Dispatch is an incredibly powerful feature, but frequently it is better to write generic code that works for all types, instead of specializing code for each type. Writing generic code avoids code duplication.

For example, here is code to compute the sum of squares of a vector of integers:

function sumsq(v::Vector{Int})
    s = 0
    for x in v
        s += x ^ 2
    end
    s
end

But this code only works for a vector of Ints. It will not work on a UnitRange:

julia> sumsq(1:10)
ERROR: MethodError: no method matching sumsq(::UnitRange{Int64})
Closest candidates are:
  sumsq(::Array{Int64,1}) at REPL[8]:2

It will not work on a Vector{Float64}:

julia> sumsq([1.0, 2.0])
ERROR: MethodError: no method matching sumsq(::Array{Float64,1})
Closest candidates are:
  sumsq(::Array{Int64,1}) at REPL[8]:2

A better way to write this sumsq function should be

function sumsq(v::AbstractVector)
    s = zero(eltype(v))
    for x in v
        s += x ^ 2
    end
    s
end

This will work on the two cases listed above. But there are some collections that we might want to sum the squares of that aren't vectors at all, in any sense. For instance,

julia> sumsq(take(countfrom(1), 100))
ERROR: MethodError: no method matching sumsq(::Base.Take{Base.Count{Int64}})
Closest candidates are:
  sumsq(::Array{Int64,1}) at REPL[8]:2
  sumsq(::AbstractArray{T,1}) at REPL[11]:2

shows that we cannot sum the squares of a lazy iterable.

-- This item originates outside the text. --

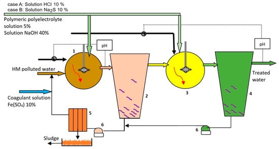 The sulfides’ working procedure is a modification of hydroxides precipitation treatment technology for HM removal from WW, illustrated in Figure 3, case B, where sodium sulfide solutions are used as precipitating agents.
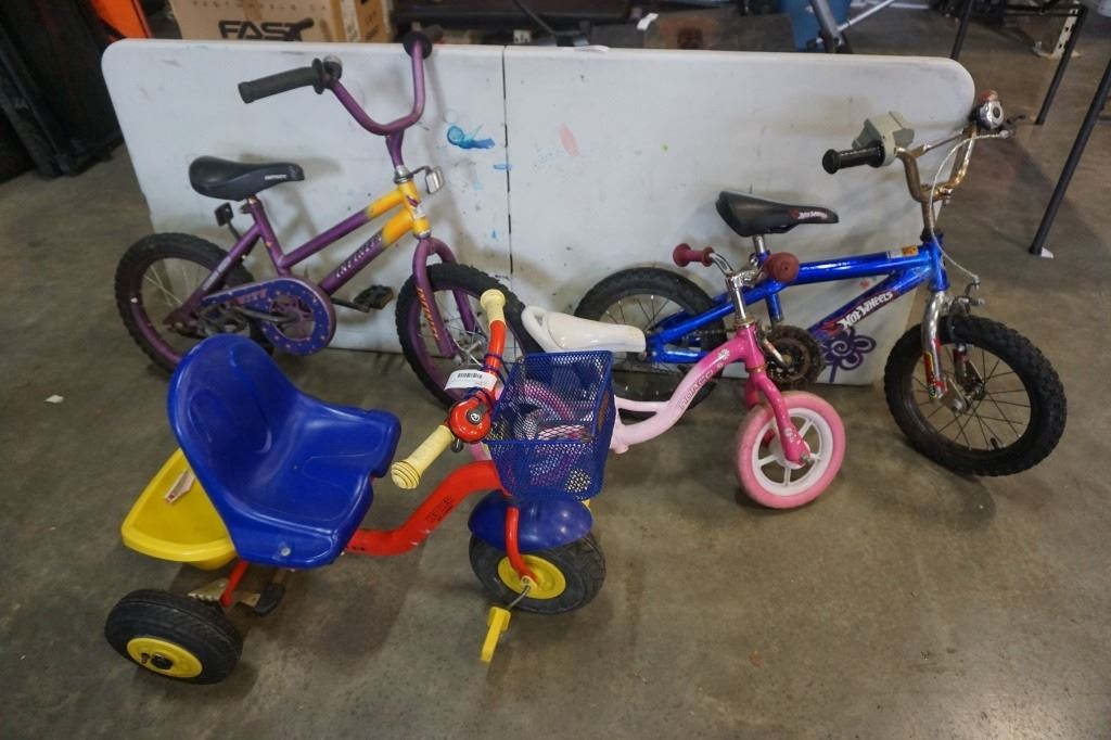 3 KIDS BIKES AND KETTLER TRICYCLE WITH RUBBER AIR FILLED TIRES

An even more generic implementation is simply

function sumsq(v)
    s = zero(eltype(v))
    for x in v
        s += x ^ 2
    end
    s
end

Which works in all cases:

julia> sumsq(take(countfrom(1), 100))
338350

This is the most idiomatic Julia code, and can handle all sorts of situations. In some other languages, removing type annotations may affect performance, but that is not the case in Julia; only type stability is important for performance.